Die Horoskop-Webseite, die Carla betreibt, ist ein Überbleibsel eines Studienprojekts, eine on-off-Sache und kleiner Nebenverdienst. Sie hat sich eingerichtet in einem Alltag, der ausgesprochen unspektakulär ist. Für ihren Job ist sie überqualifiziert, aber immerhin, die Kolleginnen sind nett. Und den rechten Schwung für Veränderungen hat sie eh nicht, bis es zu einem nächtlichen Zwischenfall vor ihrer Zweizimmerwohnung in bescheidener Nachbarschaft kommt: Ein Stein fliegt durch ihr Schlafzimmerfenster, auf den Bürgersteig wurde die Botschaft "Freiheit für Carla Mittmann" gesprüht und vor ihrer Wohnungstür ist ein Karton mit 10.000 Dollar.

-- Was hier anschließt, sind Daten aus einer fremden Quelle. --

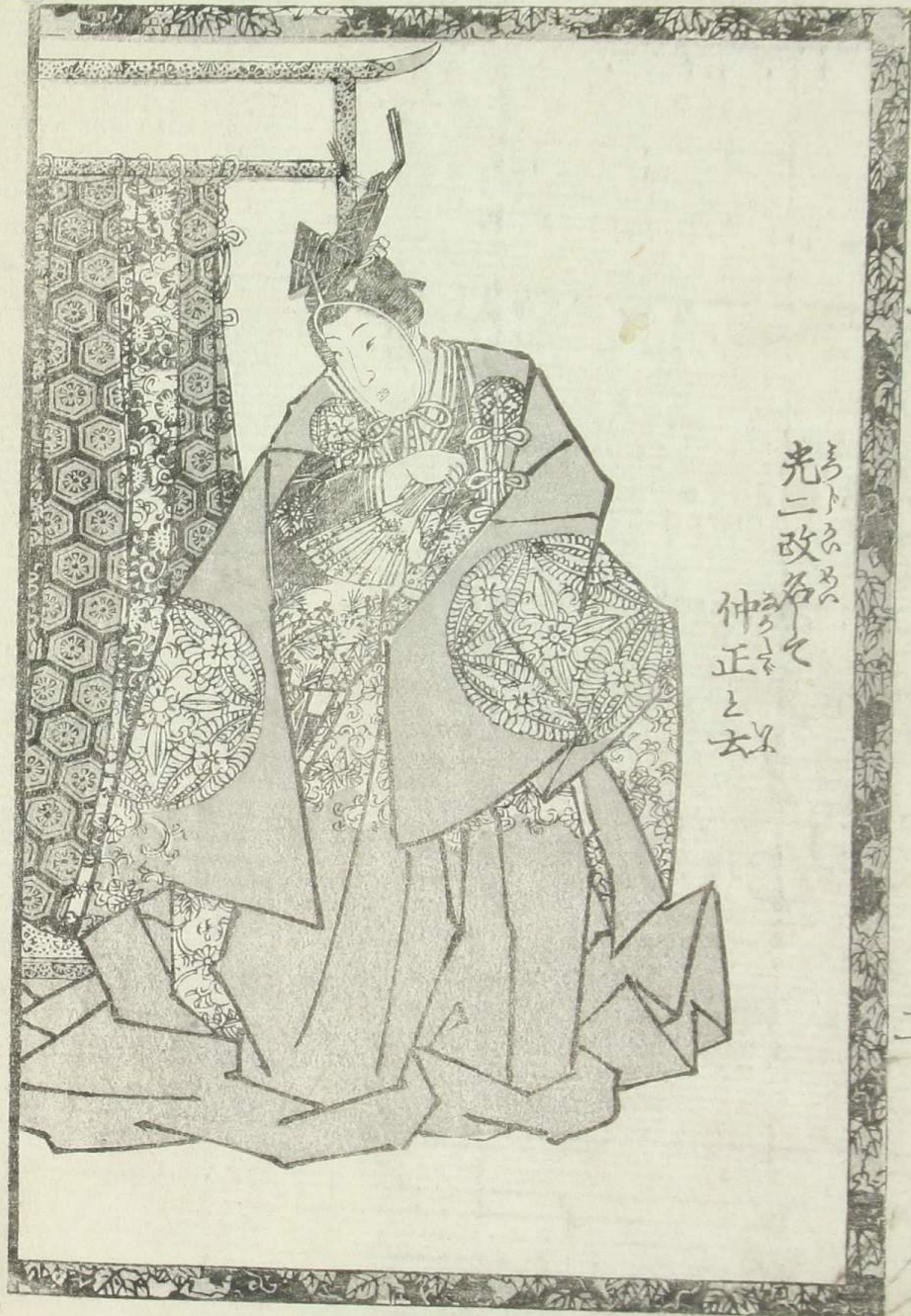
光二改各々 仲正と女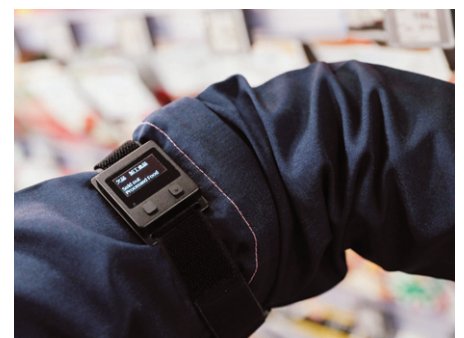
従業員の腕に装着された業務アシストシステム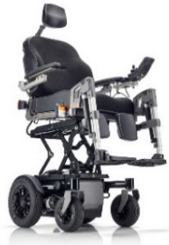
SANGO slimline RWD Sitzmodul SEGO comfort lift HMV-Nr. 18.99.06.1154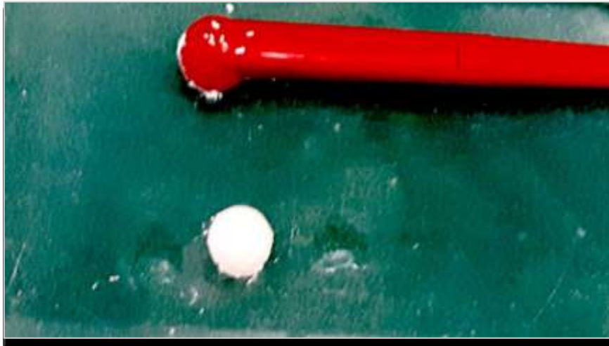
Slika 1. Konvencionalni SIC u obliku tekućine i praha za ručno miješanje.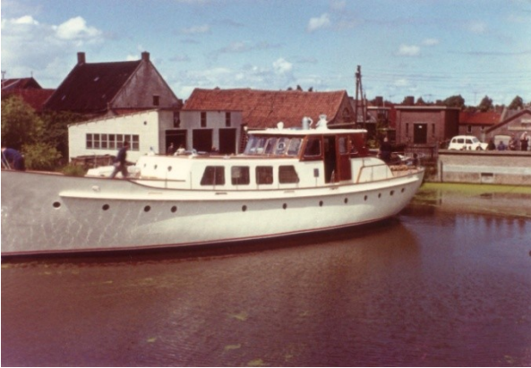
Foto 9. Jacht dat zojuist de scheepshelling van Van Hamburg heeft verlaten. Op de plaats van het witte gebouw achter het jacht staat nu, in het Noordeinde, een benzinstation.

Van Hamburg ontwierp ook een éénwielig aanhangwagentje voor achter een personenauto.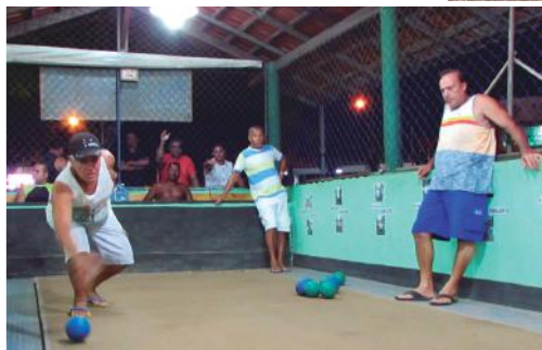
Pela primeira vez em Araraquara, o SENAR e o Sindicato Rural organizam um Torneio de Bochas para promoção do companheirismo entre os trabalhadores rurais

Pensando e agindo desta forma é que a coordenadoria do SENAR em Araraquara após inúmeros estudos, criou uma grade de cursos para 2018, incluindo algumas novidades como atividades de lazer que têm por objetivo despertar a amizade e o companheirismo entre os pequenos produtores.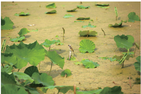
白头翁在荷花池休憩。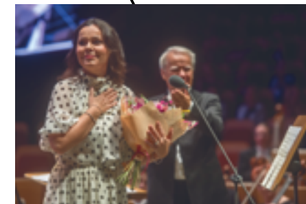
ALEKSANDRA KURZAK 2021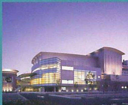
式典及び記念事業会場: 都城市総合文化ホールMJ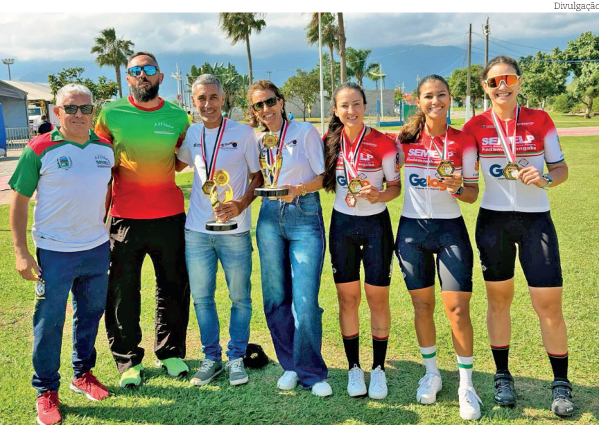
Mais vitórias para Pindamonhangaba nos Jogos Regionais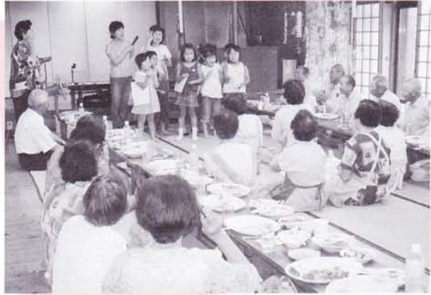
住民主体の地域福祉活動の推進 (ミニデイサービス事業)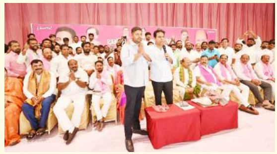
వేద న్యూస్, హైదరాబాద్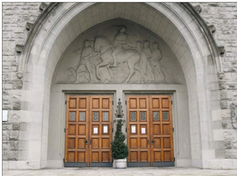
Hauptportal der Pauluskirche mit Paulus.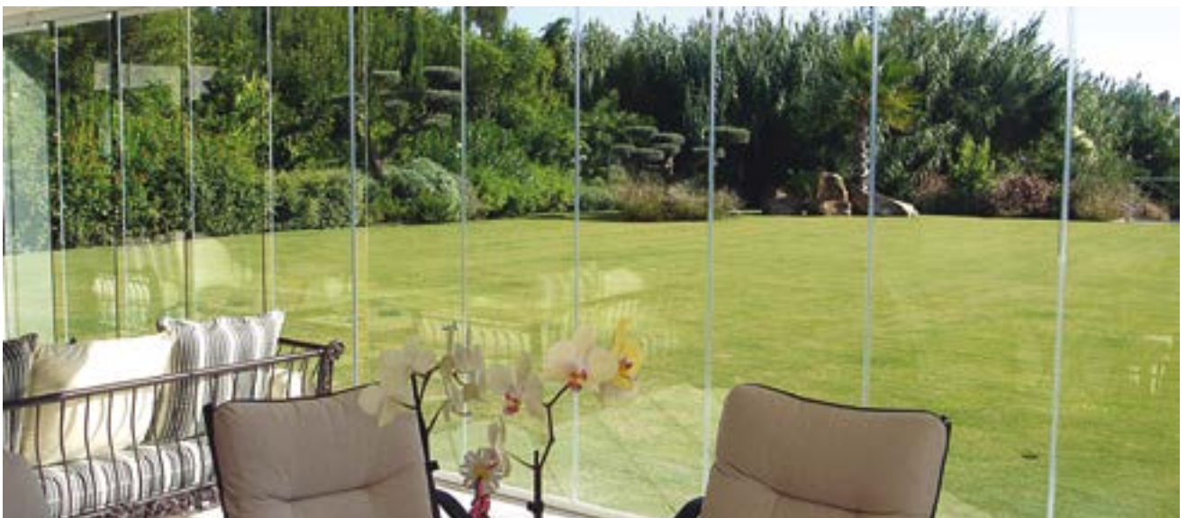
INTÉRIEUR Profitez d'une vue panoramique, grâce au système sans profils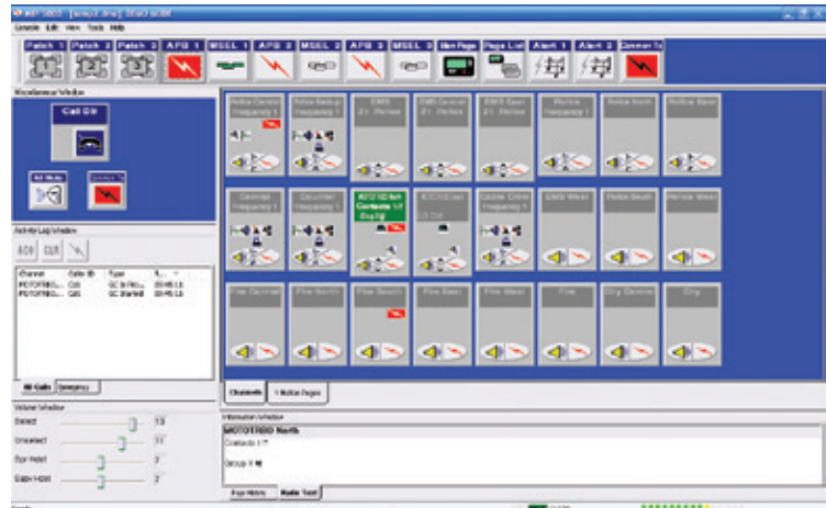
A GUI do Console de Rádio VoIP MIP 5000 oferece várias opções de usuário para o controle total da tela.

O Console de Rádio VoIP MIP 5000 admite acessórios de áudio de grau de segurança pública, os quais podem ser compatíveis com os modelos de Caixa de Conexões para Fones de Ouvido Básica e Melhorada da Motorola. Os dois modelos de Caixas de Conexões para Fones de Ouvido suportam fones de ouvido padrão da Plantronics de quatro ou seis cabos, interruptor de pé de dois pedais e microfones do tipo “pescoço de cisne” de mesa Motorola. A Caixa de Conexões Melhorada conta com uma porta adicional para suportar um telefone externo equipado com a função “call director”, um codificador de localizador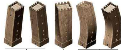
F1 R1 F2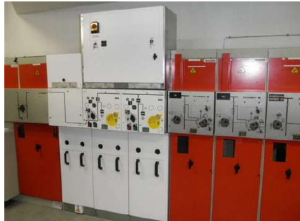
Remplacement des cellules normal / secours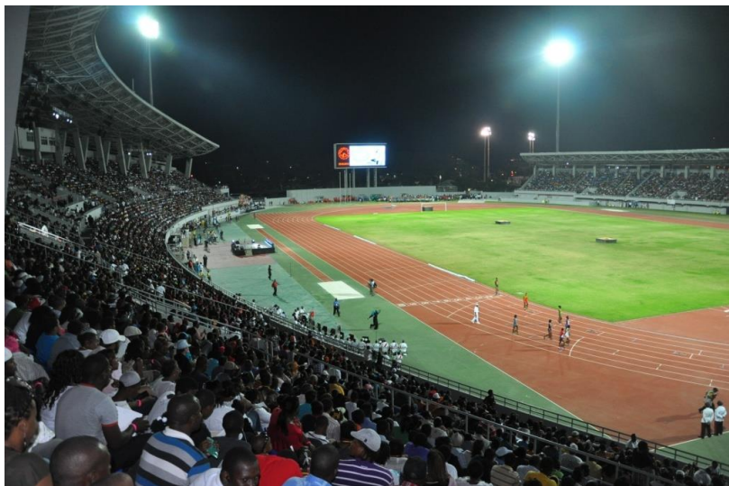
中国援建巴哈马国家体育场启用仪式于2012年2月25日隆重举行

【双边贸易】中巴贸易互补性较小，基本为中国出口。据中国海关统计数据，2012年中国与巴哈马双边贸易额为7.09亿美元，同比增长15.6%。其中，中国出口5.92亿美元，同比增长7.6%；中国进口1.17亿美元，同比增长85.8%。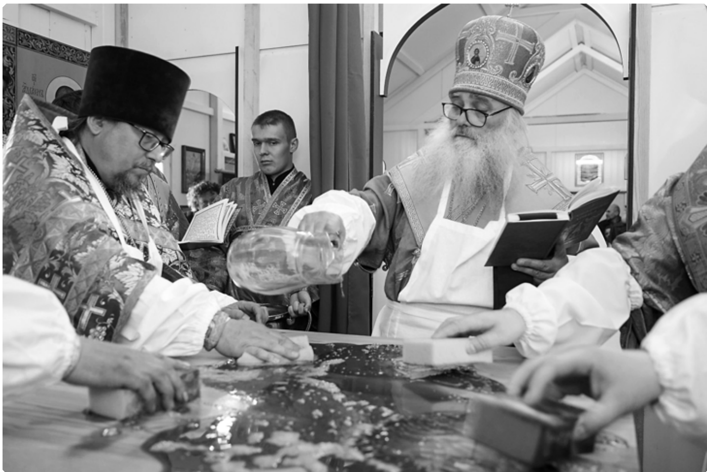
Омовение престола. Алтарь храма Пророка Илии. Село Новообинка. 9 апреля 2022 г.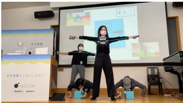
ハーモニーフラッグ演奏の様子

11 月 17 日（日）15:10～15:40 にステージで行う「ゆる楽器パフォーマンス」では、体験会で練習した曲を発表します。ぜひステージでの演奏にもご参加ください。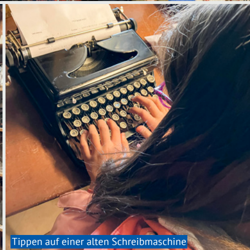
Tippen auf einer alten Schreibmaschine

Vom Ortsmuseum Birmensdorf führt eine Strasse zum Schopf. Und Kinderherzen schlagen nur schon wegen der davor aufgestellten Pferdeattrappe höher. Wer dann die Treppen hochsteigt, der wird mit Fundstücken aus vergangenen Zeiten belohnt. Diese werden aber nicht einfach in einer Vitrine präsentiert, sondern möglichst lebendig, wobei Puppenfiguren direkt in die Zeit von anno dazumal entführen.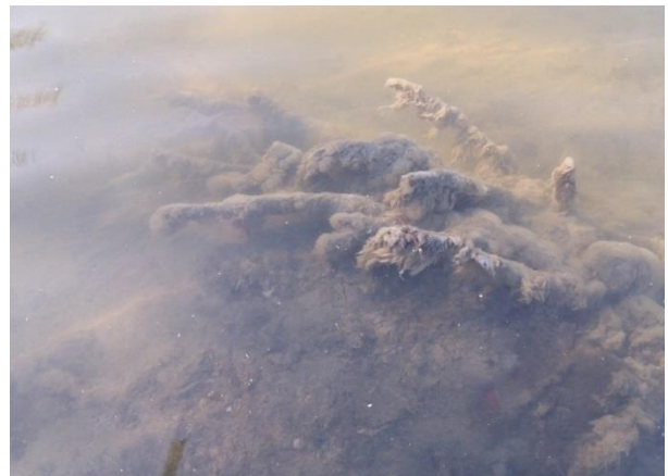
Снимка 12. Повлекла на бактерията Sph. natans от Пункт 3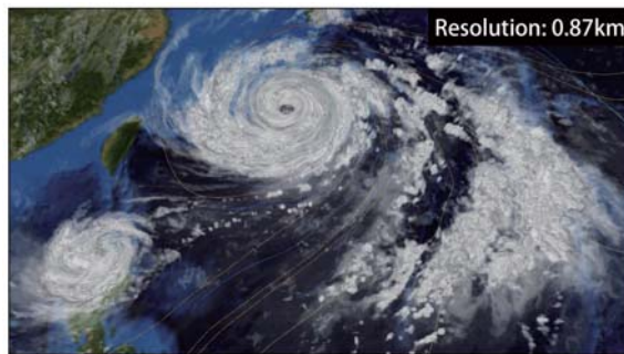
Resolution: 0.87 km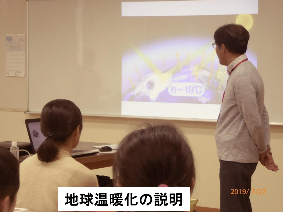
地球温暖化の説明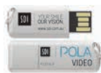
POLA SALLE D'ATTENTE USB VIDEO Reorder M100245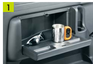
ビルトインテーブル(タイプ別設定)

ルーフに近い側面上部の左右2カ所にフックを設置しました。タイダウンフックと合わせて荷物の固定などに利用できます。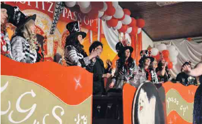
Die Amazonas feierten einen tollen Weiberfastnacht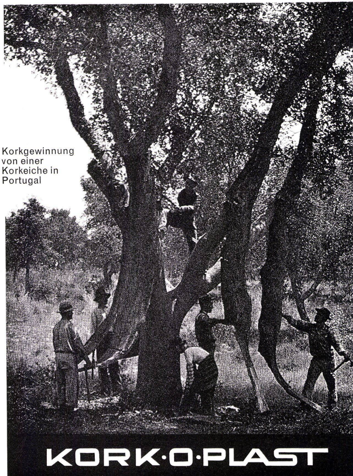
Korkgewinnung von einer Korkeiche in Portugal

9009 ST. GALLEN Lukasstrasse 30 071 / 24 68 65 8040 ZÜRICH Badenerstrasse 329 051 / 54 86 86 1700 FRIBOURG 3, avenue Beauregard 037 / 2 48 06 7002 CHUR Gäuggelistrasse 4 081 / 22 06 45 6000 LUZERN Unt. Dattenbergstr. 8 [041 / 41 10 86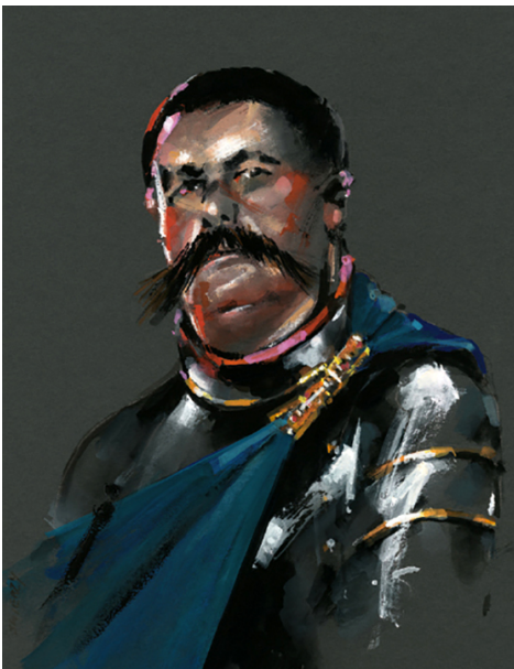
Jan III Sobieski, autor: Waldemar Świerzy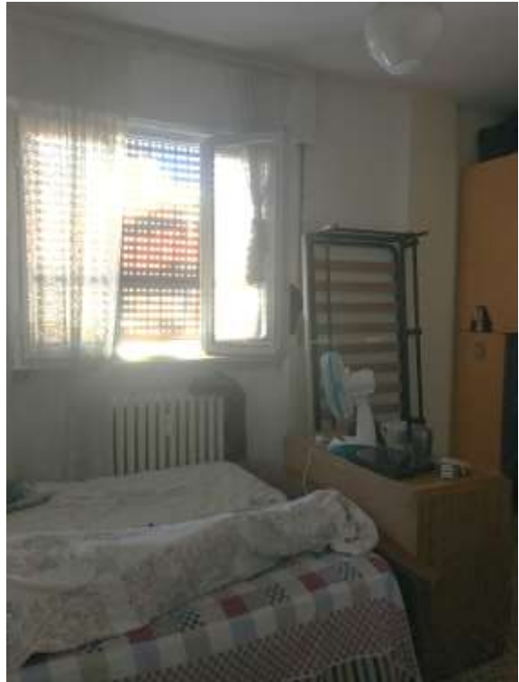
Immagini 26 e 27. La camera da letto.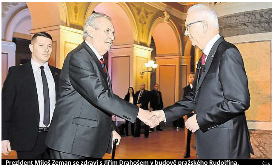
Prezident Miloš Zeman se zdraví s Jiřím Drahošem v budově pražského Rudolfinu.

Drahošovy názory se podle něj ztotožňují se zájmy českých sedláků. Zemanovi vytýkají, že podporuje velkopřemyslové zemědělství, které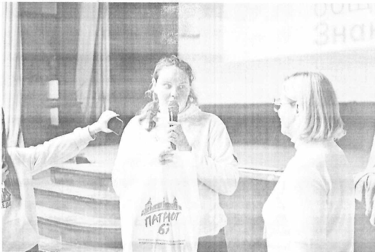
19.11.2025 - Встреча с участниками историко-патриотической смены «Волонтеры Победы»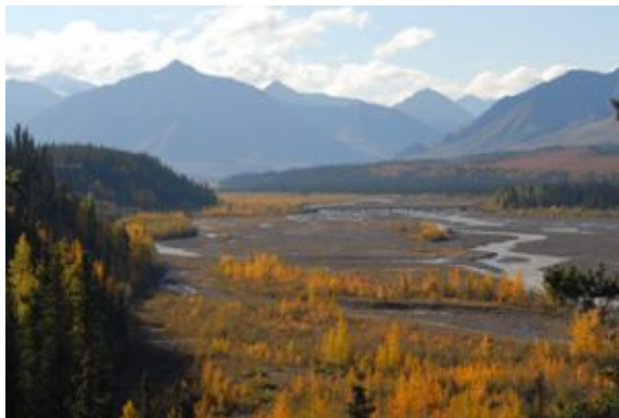
Denali National Park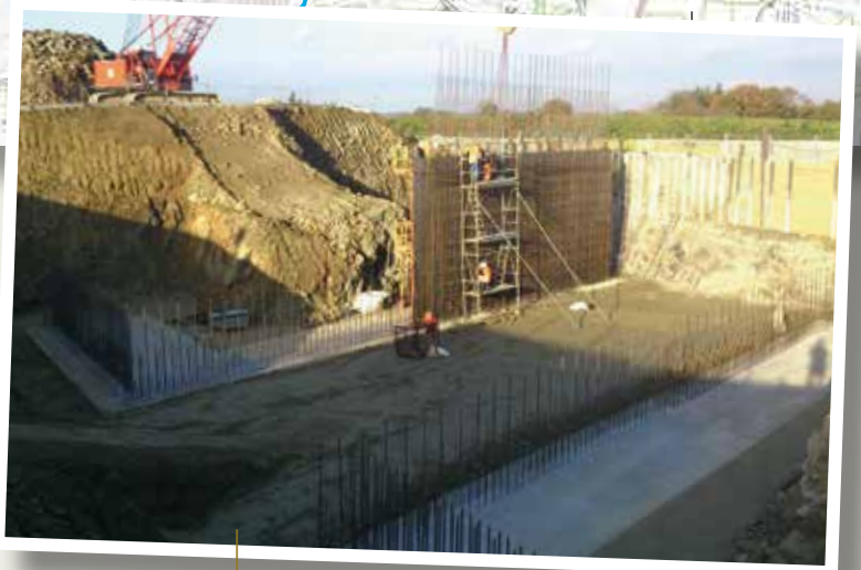
Ouvrage d'art à Magorven (OA2)

Restauration de zones humides et aménagement de cours d'eau : Pigeon Bretagne Sud.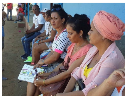
Protagonistas del taller: primer año carrera Gestión Sociocultural para el Desarrollo, con matrícula de 15 alumnos.

Carla weiß nicht, was sie davon halten soll, doch sie beschließt, etwas an ihrem Leben zu ändern. Sie sorgt für ein neues Branding ihrer Horoskopseite, präsentiert sich als Astrophilosophin mit internationaler Erfahrung, kündigt den Job im Möbelhaus. Und siehe da: Mit einer gut vernetzten High Society-Klientin nimmt ihr Astro-Service Fahrt auf. Clara erzielt Einnahmen, von denen sie nicht zu träumen gewagt hätte. Per aspera ad astra, gewissermaßen. Fernsehsendungen, Zeitschriftenartikel und ein wachsender Kundenkreis - und mittendrin Clara zwischen Selbstzweifeln und neuen Überzeugungen. Ist sie eigentlich ein Art Hochstaplerin, oder haben die Sterne ihr tatsächlich etwas zu sagen? Ist ihr das Schicksal samt vergleichsweise spätem Erfolg durch die Sterne vorbestimmt gewesen?

Kullmann erzählt locker und folgt dem Aufstieg ihrer Protagonistin, die als Ich-Erzählerin durch das Geschehen führt, mit Humor und einem Schuss Ironie. Die Pointe am Schluss sorgt dann noch einmal für einen gelungenen Abschlusspunkt.

Für Leser*innen, die Katja Kullmanns Sachbücher kennen, ist "Stars" sicherlich überraschend und ganz anders als ihre Bücher über Feminismus, Frauenrollen und Gesellschaft. Die Unterhaltung ist aber auch hier mit klugen Beobachtungen gewürzt.